Mastercard

Mastercard is a world-class business, with a strong growth trajectory, bought at an attractive entry valuation due to a temporary market dislocation.

Pillar
Quoted equities
Theme
Quality franchises
Geography
Global, USA
Invested date
2021
Security
Common Equity

RIT initiated a position in Mastercard in 2021 after a period of weak performance in the stock price that was driven by fears of potential disruption to Mastercard’s core business by fintech start-ups. However, after leveraging specialist insights from our core venture capital managers (which fund many of the world’s leading fintech start-ups), we gained confidence that the expanding access enabled by fintech was in fact a tailwind for Mastercard’s business, rather than a headwind.

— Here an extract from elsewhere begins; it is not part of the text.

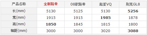 全新一代路帝車身尺寸為5130*1915*1850mm,軸距3000mm,其中長和寬相比老款均增加5mm,從數(shù)據(jù)上來看,相比GL8與起亞VQ在高度上比較突出,進(jìn)去猶如機艙般感覺。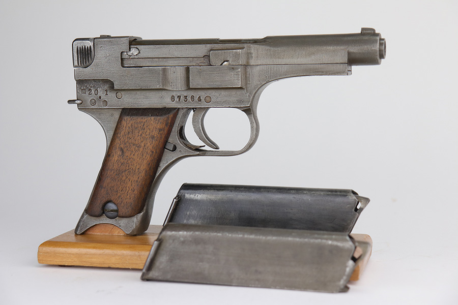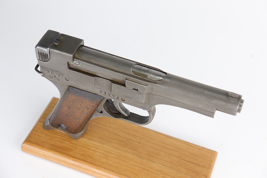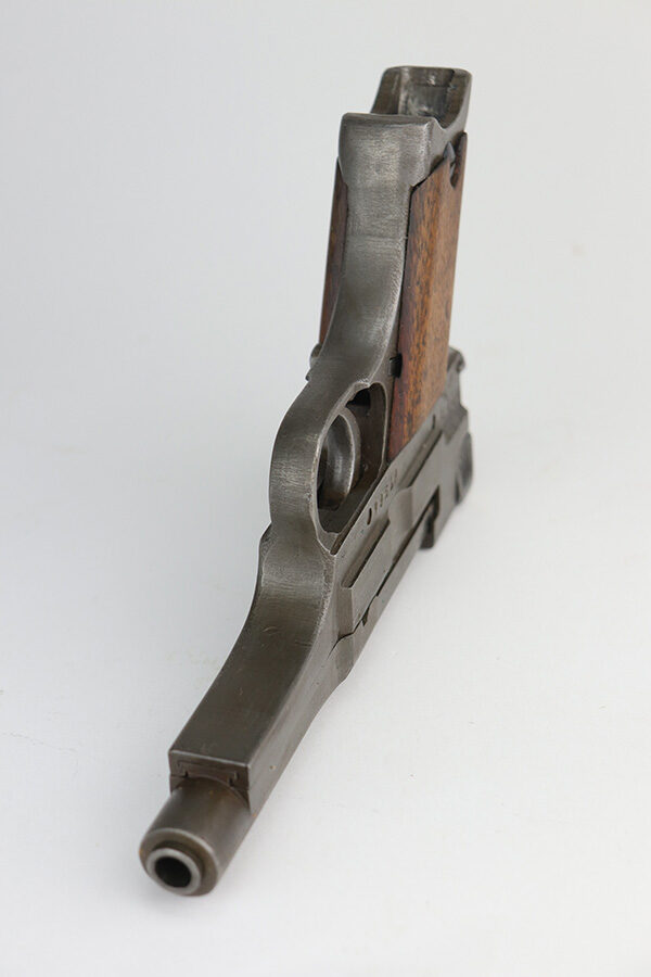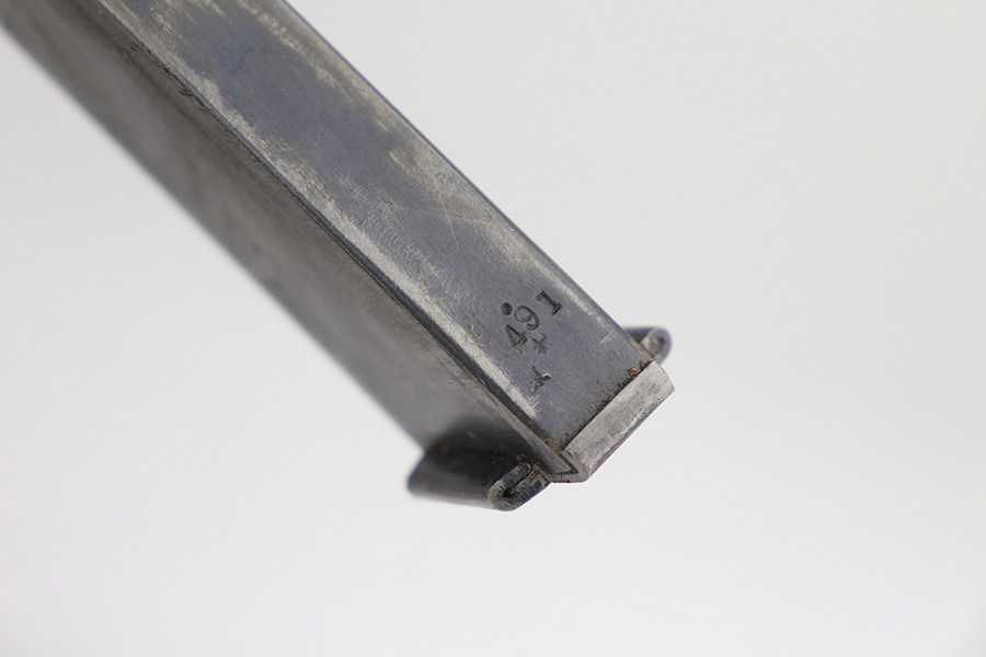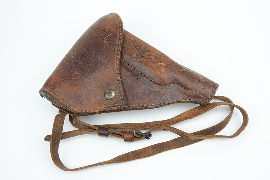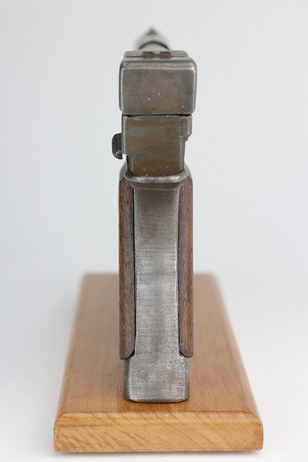 10/29/21 – This is an excellent example of a very late-war Nambu Type 94 issued to the Japanese military in January of 1945. The gun is all matching, was made in the Nagoya factory, and has an all-phosphate finish. It comes as a rig with one period-correct leather holster (with original shoulder strap) and two period-correct mismatched magazines (one is phosphate, the other is blued). These late-war phosphate finishes are difficult to rate, but we estimate it has retained about 96-97%. There is just very minor thinning on the straps and areas of minor discoloration here and there (typical). Comes with excellent late-war slab-side wood grips that are un-numbered. The bore is mint.

JRCM believes that the increasing digitisation of money and payments, combined with customer-centric innovation, can lead to double-digit revenue growth for Mastercard over the medium term.

Mastercard can leverage its market-leading position to increase revenues with little cost and continue to expand its margins. With prudent capital allocation through share buybacks and dividends, RIT anticipates a mid-teen total shareholder return through its anticipated holding period.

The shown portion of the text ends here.